Culture & Human Factors
Original: Why teach poetry to children?
Reframed: Why teach security awareness to executives when AI can now detect many attacks automatically?
Original: What is a gift?
Reframed: What is trust in a security culture—is it a given, or must it consistently be earned and renewed?
Original: Are emotions irrational?
Reframed: Are fear and outrage irrational in security culture, or are they necessary drivers of vigilance?
Original: Compare a contemporary political leader to a character in mythology.
Reframed: Compare a recent breach response leader to a mythological archetype—hero, trickster, or martyr. What does that reveal about crisis leadership?
How to Use These in Practice
Pick one or two reframed questions for each board or exec session—no more.

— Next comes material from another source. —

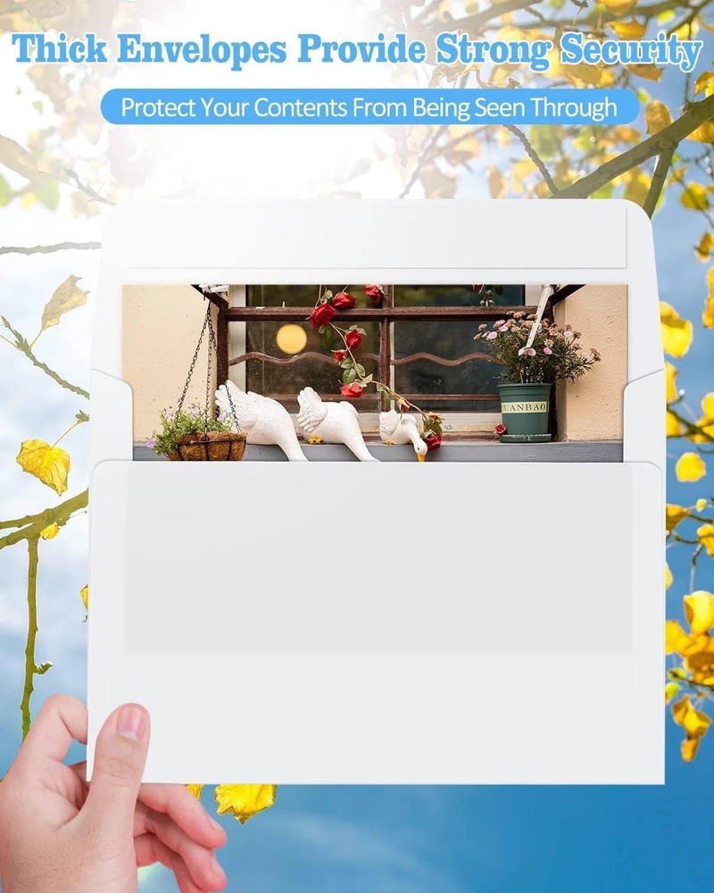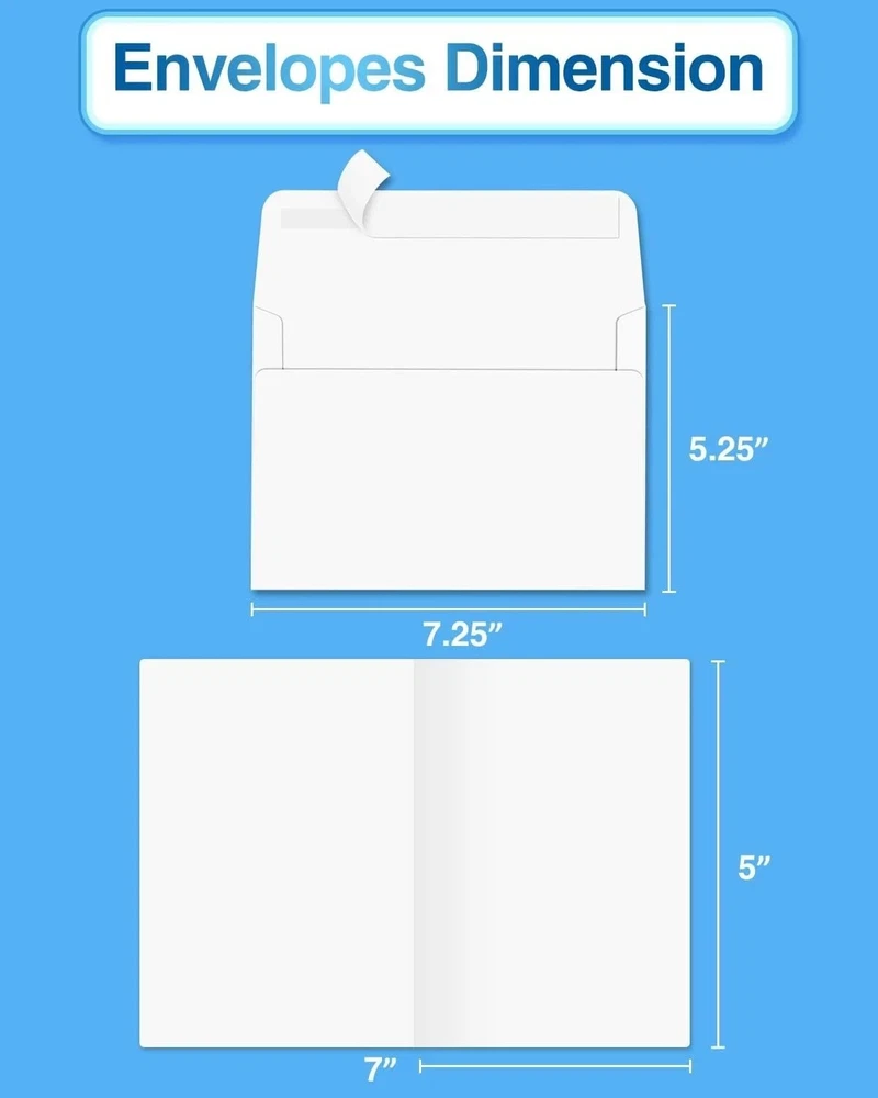 100% Money Back Guarantee if you are not satisfied with your purchase! _______________________ Description: Blank-Cards-and-Envelopes 60 Pack - 5 x 7 Folded Cardstock with A7 White Envelopes-for-Invitation, Heavyweight Blank-Note-Cards-and-Envelopes Self Seal Printable for Greeting Party Birthday Complete Set: Get the perfect 60 pack blank cards and envelopes set, no extra cards or paper cutting required. The A7 envelopes measure 5.25 x 7.25 inches, while the folded blank cards are sized at 5x7 inches Heavyweight Card Making Supplies: Crafted from 250 GSM premium cardstock and 120 GSM white paper, these blank note cards and envelopes offer exceptional thickness, providing a substaintial and bleed-resistant surface for colored pens and watercorlos Printer Friendly: These blank cards and envelopes are pure white, especially designed for easy printing and customization. They are compatible with most Inkjet and laser printers, no worry about smudging or jamming Privacy Protection: Whether you're sending personal messages or confidential invitations, you can trust these small envelopes and 5x7 cardstock to safeguard your privacy with their premium thickness Self-Sealing Adhesive: The invitation envelopes feature a reliable self-seal closure, making it quick and hassle-free to secure your cards inside. No more worrying about messy glue or flimsy closures Wide Application: Use blank cards and envelopes for sending invitations, gifting with Thank You cards, crafting personalized greeting cards, or engaging in creative projects. Ideal for birthday, baby shower party, wedding, celebration, all occasion and all festivals _____________________________ 100% Money Back Guarantee: We offer 30 Day Money Back Guarantee from the day you purchased if you’re not satisfied with your product. If you have any questions about our products, please contact us as soon as possible. Customer satisfaction is our absolute priority. Shipping: We are always working hard to ensure your package arrives as soon as possible. Please understand that some factors like weather, high postal traffic, and the performance of shipping companies are outside of our control. We offer free shipping to the lower 48 states and ship within 3 business days of payment, usually sooner. We do not accept P.O. Boxes. Please provide a physical address. You will be notified via eBay messages as soon as your items ship. Delivery? We will ship out the item in 2-3 working day after receiving the payment. Usually the delivery takes 2-5 business days. If you don't receive the items after 10 days, please feel free to contact us. You'll get a replacement or a full refund. Please DO NOT open a return request or leave negative feedback without asking for help. Returns: We offer a 30-Day Return Policy on defective/wrong items or items which you are not completely satisfied with. You have the option for a full-refund or an exchange of the item. Returned items must be in all of the original packaging and include all of the original accessories or items that came with it. The item and package should be in original condition. Contact Us: Any queries or issues incurred, please feel free to contact us via eBay message, we will get back to you within 24 hours. Please DO NOT open a return request or leave negative feedback without asking for help. Feedback: Your feedback is very important to us. After you get your package and you are satisfied with our service, please leave us positive feedback. We're highly appreciated for your POSITIVE feedback & 5 stars. Enjoy shopping.

Use them to sharpen discussions around specific decisions (e.g., investment, vendor choice, incident response posture).
Don’t aim for definitive answers. Aim to reveal judgment under stress—how leaders weigh uncertainty, tradeoffs, and principles.
Closing
As a CSO or CISO, your credibility comes from how you think under pressure, not how polished your slides are. The All Souls exam demonstrates a robust approach to evaluating judgment: open-ended questions, domain-specific rigor, precise translation, and live defense.
Bring that format into your boardroom. Do it once this quarter. If decisions come faster and trust runs higher, keep it. If not, tighten your prompts and the rubric until they do.